[Saved data entries]
%%

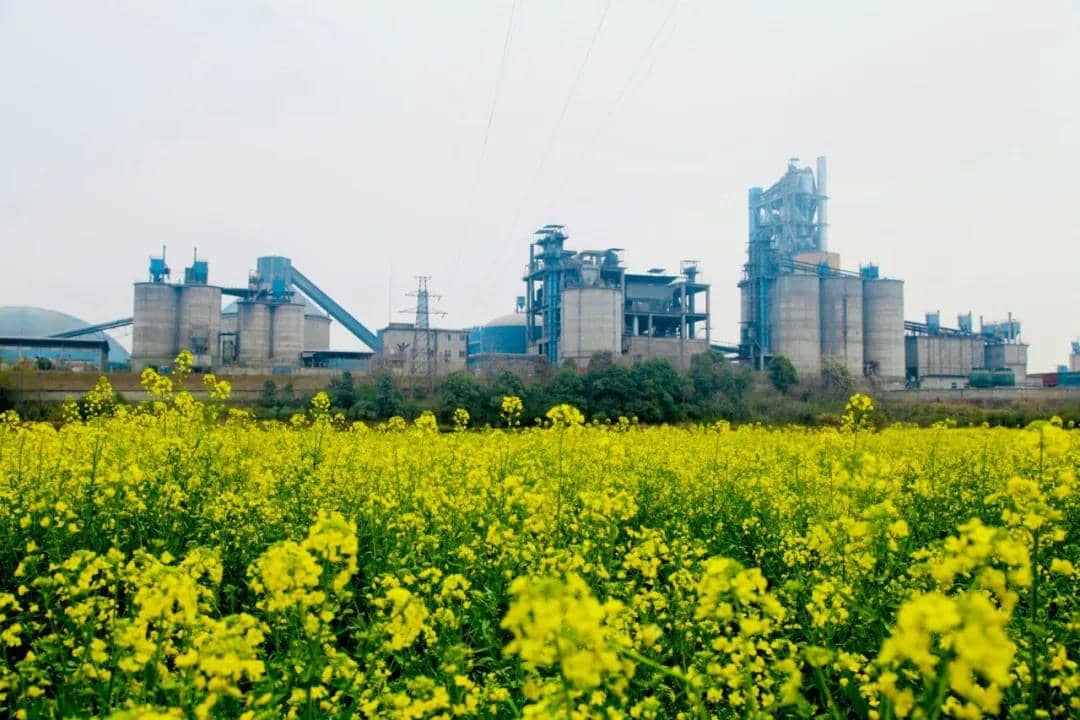 ▲被油菜花田環(huán)繞的中材株洲水泥
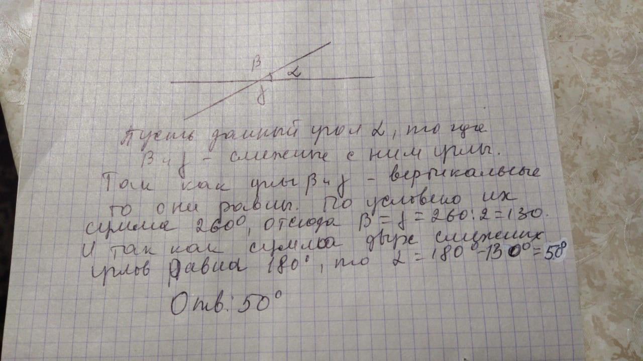 <1 + <3 = 260°, значит, <1 = <3 = 260/2 = 130°.
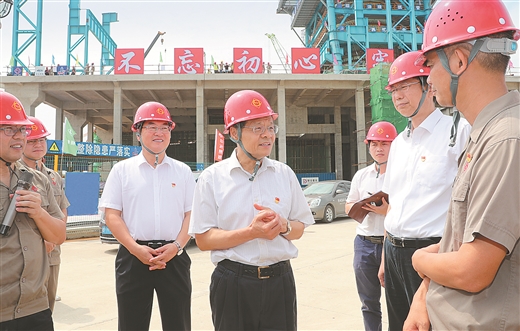 7月1日,自治區(qū)主席陳武深入防城港市,就金屬材料工業(yè)高質(zhì)量發(fā)展情況進行調(diào)研。這是在柳鋼防城港鋼鐵基地項目施工現(xiàn)場,陳武仔細詢問項目建設(shè)進度和配套碼頭建設(shè)情況。 記者 黃 克/攝
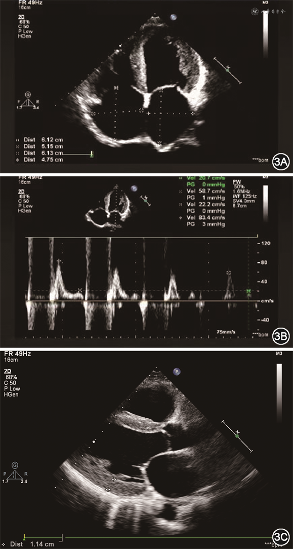 限制型心肌病(RCM)是一种室壁僵硬度升高导致心室舒张功能显著下降为特点的心肌疾病,属混合型心肌病,可分为特发性、家族性或继发于不同的系统性疾病。其诊断依据为:心室限制性舒张功能障碍,伴一侧或双侧心室舒张末期容积或收缩末期容积正常或缩小,室壁厚度正常,并除外缺血性心肌病、心脏瓣膜病、心包疾病和先天性心脏疾病[1]。临床表现为左和(或)右心衰竭,如乏力、气短、体力活动受限、水肿、晕厥、栓塞或各种心律失常等。心电图可有巨大P波、传导阻滞、低电压或R波递增不良表现。超声心动图是最重要的检查手段之一,二维超声心动图其特点为心房增大,心室正常或缩小,部分患者表现为巨大心房。M型超声表现为室壁偏厚,活动明显减低,舒张期左心室内径变小,容积减小,射血分数及短轴缩短率明显减小。多普勒超声可见二尖瓣、三尖瓣关闭不全,二尖瓣口血流呈限制性充盈障碍表现,E峰高尖,E/A>2,E波减速时间缩短,等容舒张时间缩短等。心脏MRI检查是超声心动图的重要补充,除有助于同缩窄性心包炎鉴别外,结合钆显像可明确RCM的分类[2]。本例患者以劳力性气短、不能平卧就诊,化验NT-proBNP水平升高,符合左心功能不全表现。心电图提示左房增大,伴V1-V4导联R波递增不良,超声心动图提示双心房增大、E/A>2,符合限制型充盈障碍表现。超声心动图提示左心室壁可见点状强回声,结合心脏MRI晚期钆增强,心肌活检刚果红染色阳性可确诊RCM、心肌淀粉样变(cardiac amyloidosis,CA)。
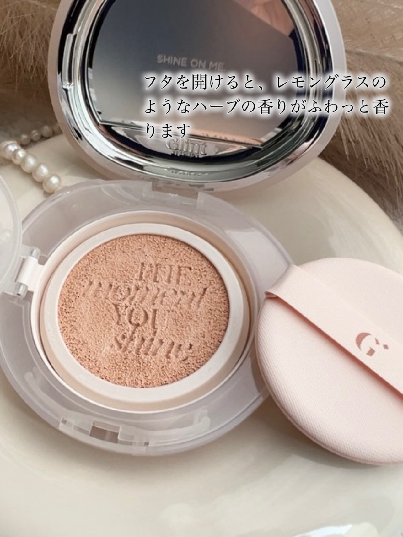 Glintベストセラーであるハイライターの粒子を配合し お肌のトーン・キメ・ツヤを演出してくれるクッションファンデ✨ 水分キープ力とエッセンス62%配合でスキンケア並の成分‼︎ 華やかなうるツヤ肌を演出してくれるのが嬉しい‼︎
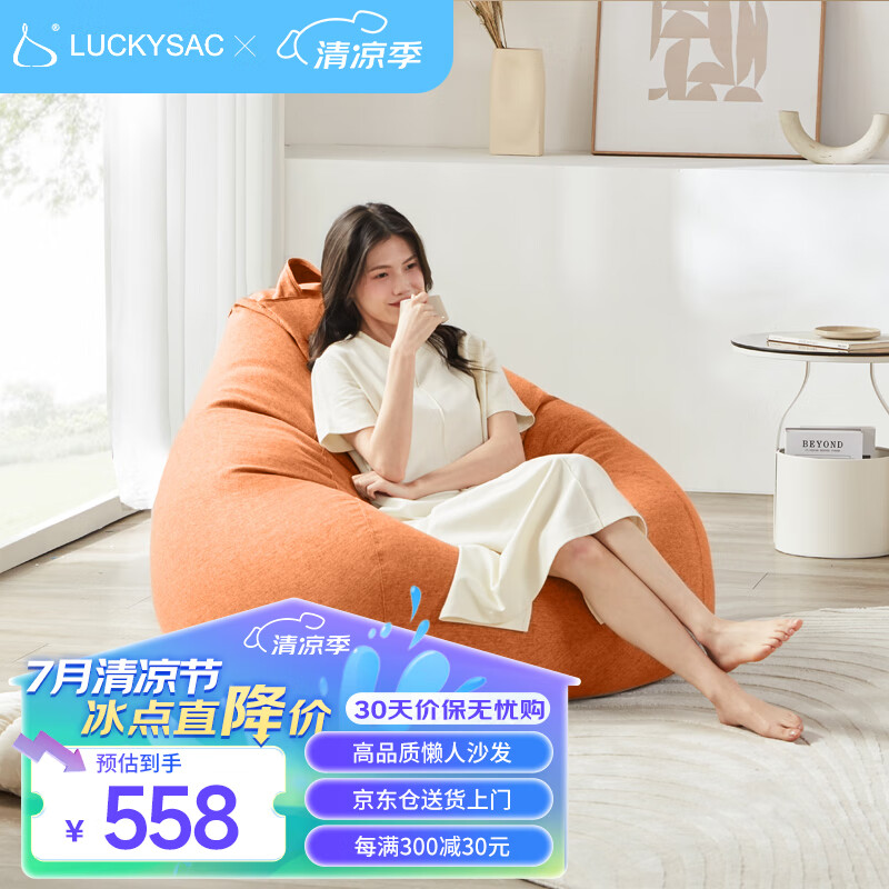 LUCKYSAC懒人沙发豆袋EPP 单人布艺休闲客厅卧室阳台小沙发 尊享款柿子橙价格:618.00元!
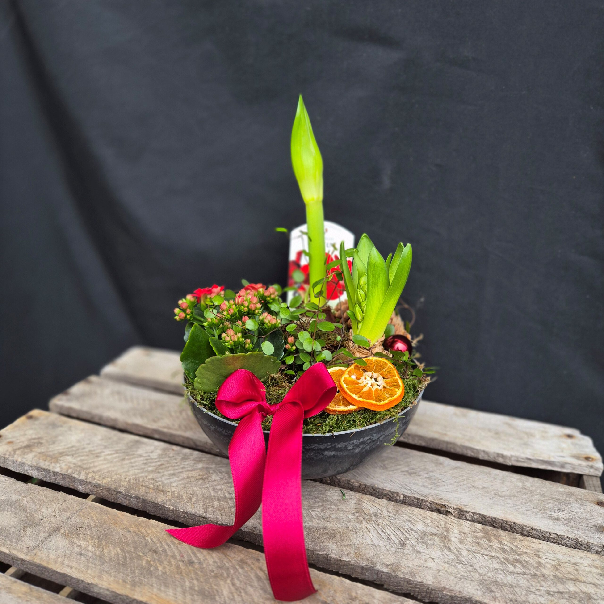 Röd amaryllis, vit hyacint, röd kalanchoe och plättar i luften. Kruka: h=7cm d=20cm
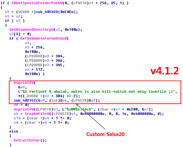 以下の[図1]のように新しいバージョン4.1.2で*.lockファイルを生成するコードを示している。赤枠で表示した部分が新たに追加されたものであり、従来のボリューム情報以外にSalsa20関数によってlockファイル名を生成していることがわかる。
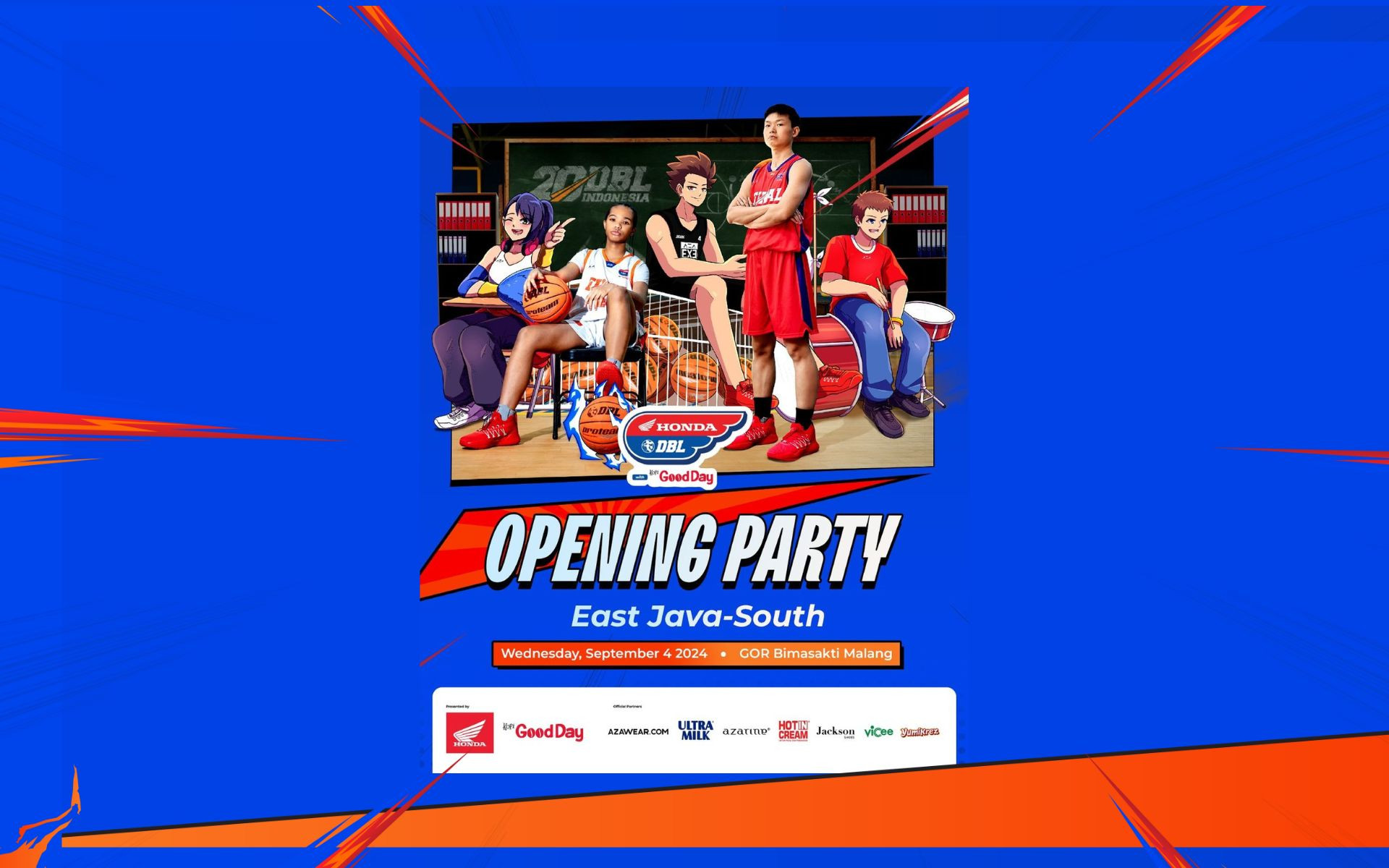 GOR Bimasakti Malang pasti bakal panas! Honda DBL with Kopi Good Day 2024 East Java-South berlangsung tepat pada Rabu, 4 September 2024. Ada tiga pertandingan yang bakal mewarnai Opening Party!

%%

**Your task**
The lines from the one containing "Röd amaryllis, vit" through the last line of the records are what you should copy, word for word and nothing else, with pictures left out.

**Answer for this exercise**
 Röd amaryllis, vit hyacint, röd kalanchoe och plättar i luften. Kruka: h=7cm d=20cm
 以下の[図1]のように新しいバージョン4.1.2で*.lockファイルを生成するコードを示している。赤枠で表示した部分が新たに追加されたものであり、従来のボリューム情報以外にSalsa20関数によってlockファイル名を生成していることがわかる。
 GOR Bimasakti Malang pasti bakal panas! Honda DBL with Kopi Good Day 2024 East Java-South berlangsung tepat pada Rabu, 4 September 2024. Ada tiga pertandingan yang bakal mewarnai Opening Party!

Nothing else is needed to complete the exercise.